- **Required action**
Go through the records below and set each one down exactly, leaving out any pictures.

______________________________

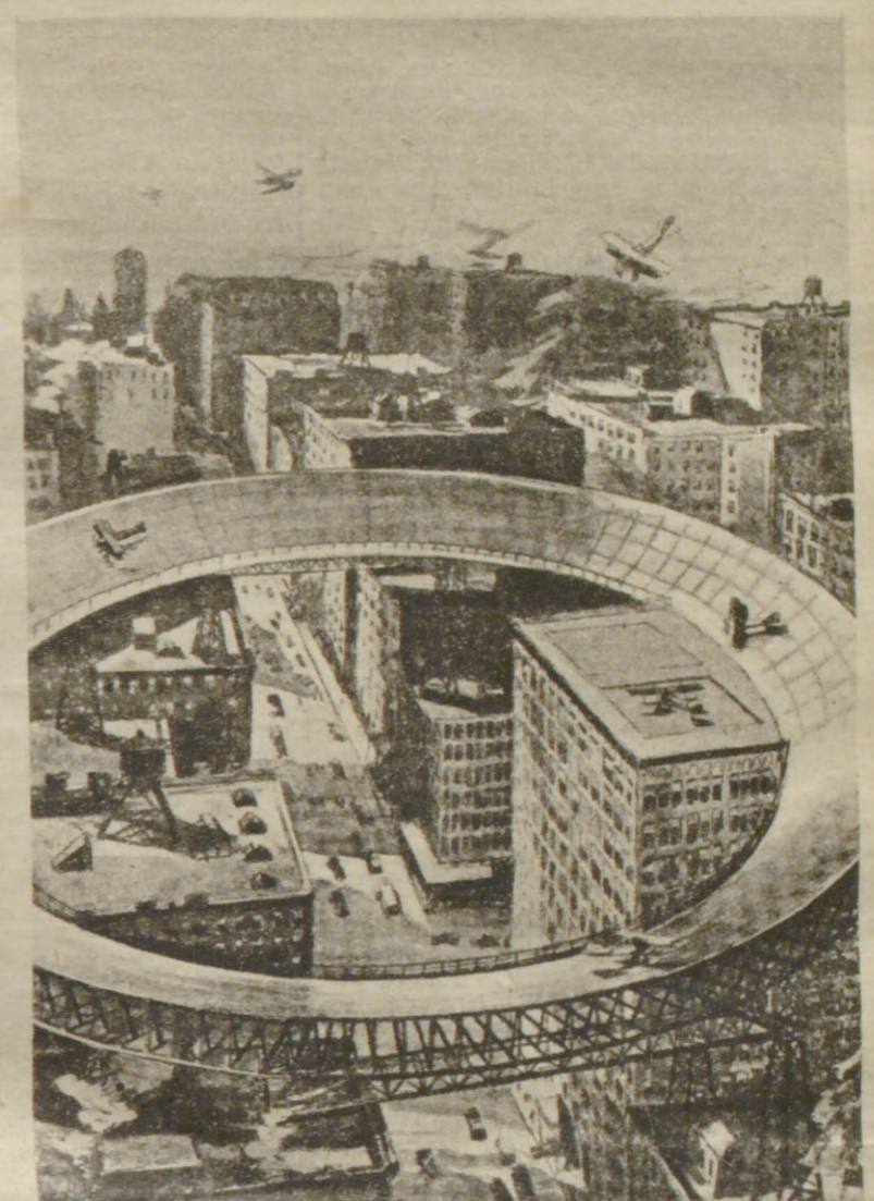
Kreisförmiger Landungsteg mit Lift und Unterkunftshaus für Flugmaschinen
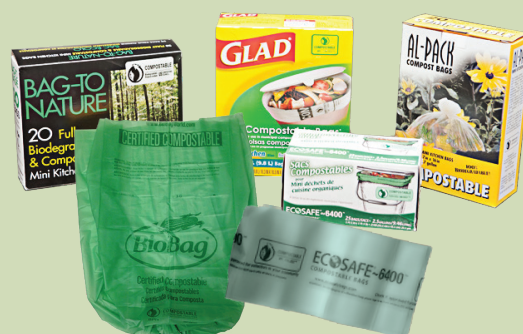
Subba Xaa'oo dikee raggaasisaame

Subbin kaneen plaastiki fakkatan garuu biqiltoota irra waan tolchaamanif xaa'oo dikeeti jijjiramu ni danda'uu.
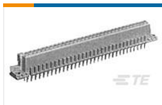
TE 系列/零件编号536460-5 032 EURO TYPE B RECEPT BL ASSY
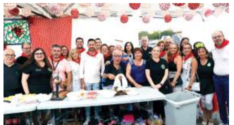
Les entitats locals també van participar en les festes
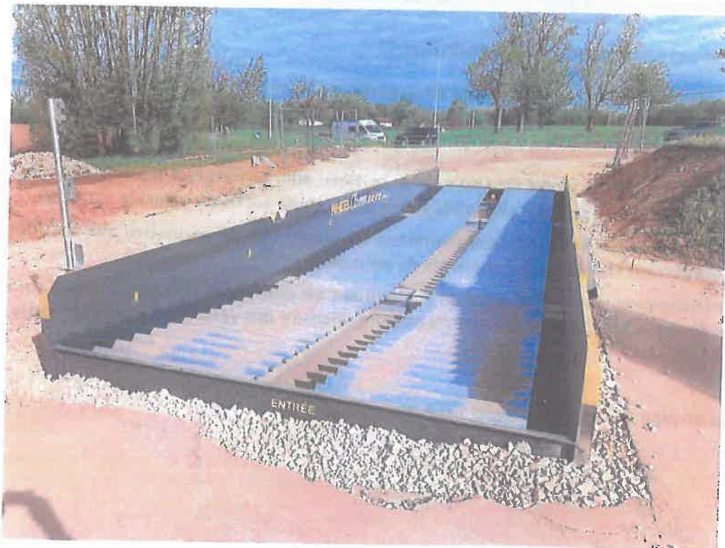
Exemple de Lave-Roue
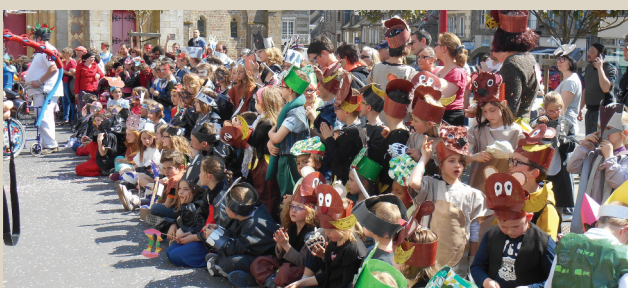
Carnaval des écoles. ■
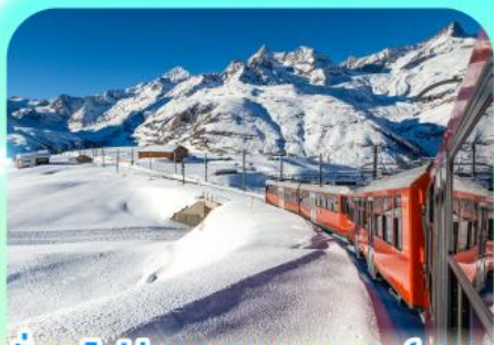
นั่งรถไฟสู่ยอดเขารอนเนอร์เกรต
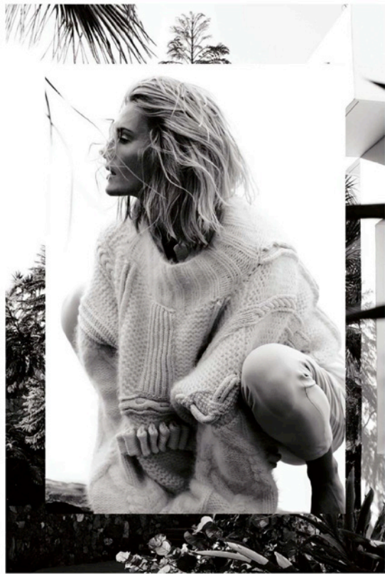
TRUI, TUINCH LEGGING, WOOLRICH
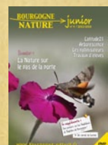
La Nature sur le pas de la porte Bourgogne-Nature Junior n°4. Bourgogne-Nature

Cette fiche technique est mise en page par :
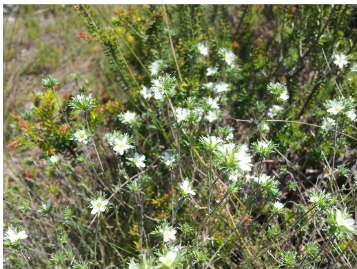
Arenaria aggregata subsp. pseudoarmeriastrum és un endemisme diànic present a la microreserva.
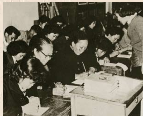
工人上夜校學文化
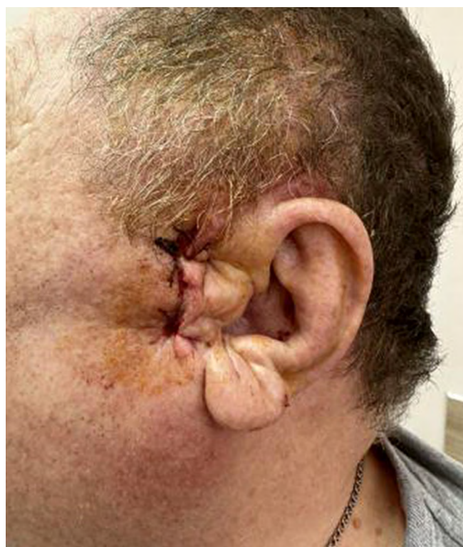
Рисунок 3. 1-е сутки после операции – фотография зоны операции Figure 3. Postoperative day 1. Clinical photograph of the surgical site

поддержки принятия решений. Современные работы в области машинного обучения демонстрируют возможность построения моделей, которые не только предсказывают индивидуальный риск (например, инфекции или резорбции кости), но и идентифицируют вмешиваемые факторы, на которые может повлиять хирург [24]. Такие системы, анализируя большой массив предикторов – от лабораторных показателей до данных
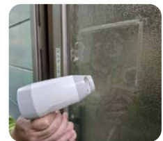
②ドライヤーで温める
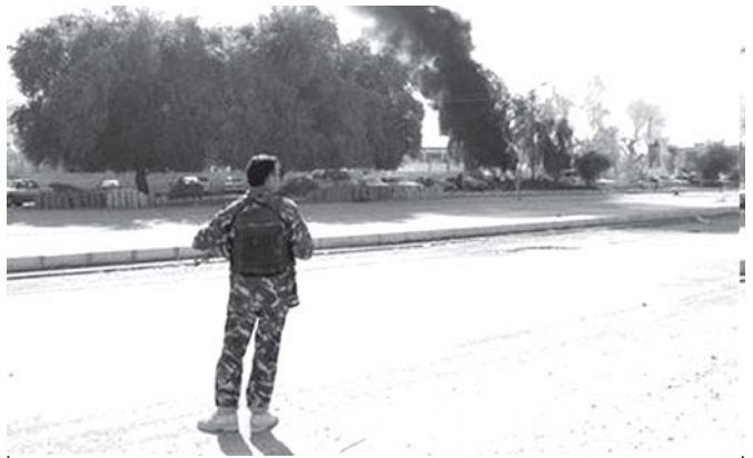
အီရတ်နိုင်ငံ အရှေ့မြောက်ပိုင်း ဘာကူးဘားဒေသတွင် တားဆီးပေါက်ကွဲရာနေရာမှ ဖမ်းဆီးလုံးများ တက်လာသည်ကို နိုင်ငံသာ ၃ ရက်က တွေ့ရရန်။

တာလီဘန် စစ်သွေးကြွတို့နှင့် တိုက်ခိုက်မှုများ တိုးပွားလာပြီး စစ်ဒဏ်ကြောင့် ပျက်စီးနေသည့် အာဖဂန်နစ္စတန်နိုင်ငံတွင် အမေရိကန်တပ်ဖွဲ့ဝင်ပေါင်း ၃၃၀၀၀ ခန့် ဖြန့်ထားကြောင်း သတင်းဌာနဖော်ပြ ထားသည်။ အစ်အင်အေဆင်ယွာ။
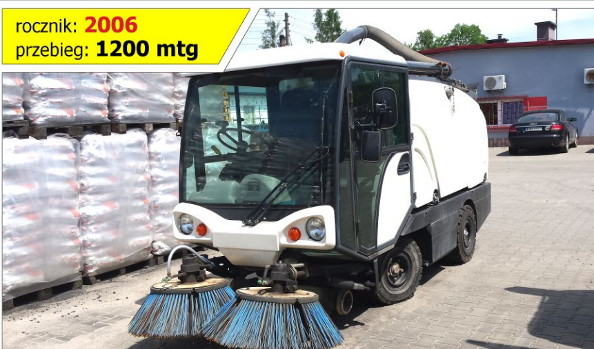
Zamiatarka JOHNSTON VL40

______________________________

- **Answer for this exercise**
Kreisförmiger Landungsteg mit Lift und Unterkunftshaus für Flugmaschinen
Subba Xaa'oo dikee raggaasisaame

Subbin kaneen plaastiki fakkatan garuu biqiltoota irra waan tolchaamanif xaa'oo dikeeti jijjiramu ni danda'uu.
TE 系列/零件编号536460-5 032 EURO TYPE B RECEPT BL ASSY
Les entitats locals també van participar en les festes
Exemple de Lave-Roue
Carnaval des écoles. ■
นั่งรถไฟสู่ยอดเขารอนเนอร์เกรต
TRUI, TUINCH LEGGING, WOOLRICH
La Nature sur le pas de la porte Bourgogne-Nature Junior n°4. Bourgogne-Nature

Cette fiche technique est mise en page par :
Arenaria aggregata subsp. pseudoarmeriastrum és un endemisme diànic present a la microreserva.
工人上夜校學文化
Рисунок 3. 1-е сутки после операции – фотография зоны операции Figure 3. Postoperative day 1. Clinical photograph of the surgical site

поддержки принятия решений. Современные работы в области машинного обучения демонстрируют возможность построения моделей, которые не только предсказывают индивидуальный риск (например, инфекции или резорбции кости), но и идентифицируют вмешиваемые факторы, на которые может повлиять хирург [24]. Такие системы, анализируя большой массив предикторов – от лабораторных показателей до данных
②ドライヤーで温める
အီရတ်နိုင်ငံ အရှေ့မြောက်ပိုင်း ဘာကူးဘားဒေသတွင် တားဆီးပေါက်ကွဲရာနေရာမှ ဖမ်းဆီးလုံးများ တက်လာသည်ကို နိုင်ငံသာ ၃ ရက်က တွေ့ရရန်။

တာလီဘန် စစ်သွေးကြွတို့နှင့် တိုက်ခိုက်မှုများ တိုးပွားလာပြီး စစ်ဒဏ်ကြောင့် ပျက်စီးနေသည့် အာဖဂန်နစ္စတန်နိုင်ငံတွင် အမေရိကန်တပ်ဖွဲ့ဝင်ပေါင်း ၃၃၀၀၀ ခန့် ဖြန့်ထားကြောင်း သတင်းဌာနဖော်ပြ ထားသည်။ အစ်အင်အေဆင်ယွာ။
Zamiatarka JOHNSTON VL40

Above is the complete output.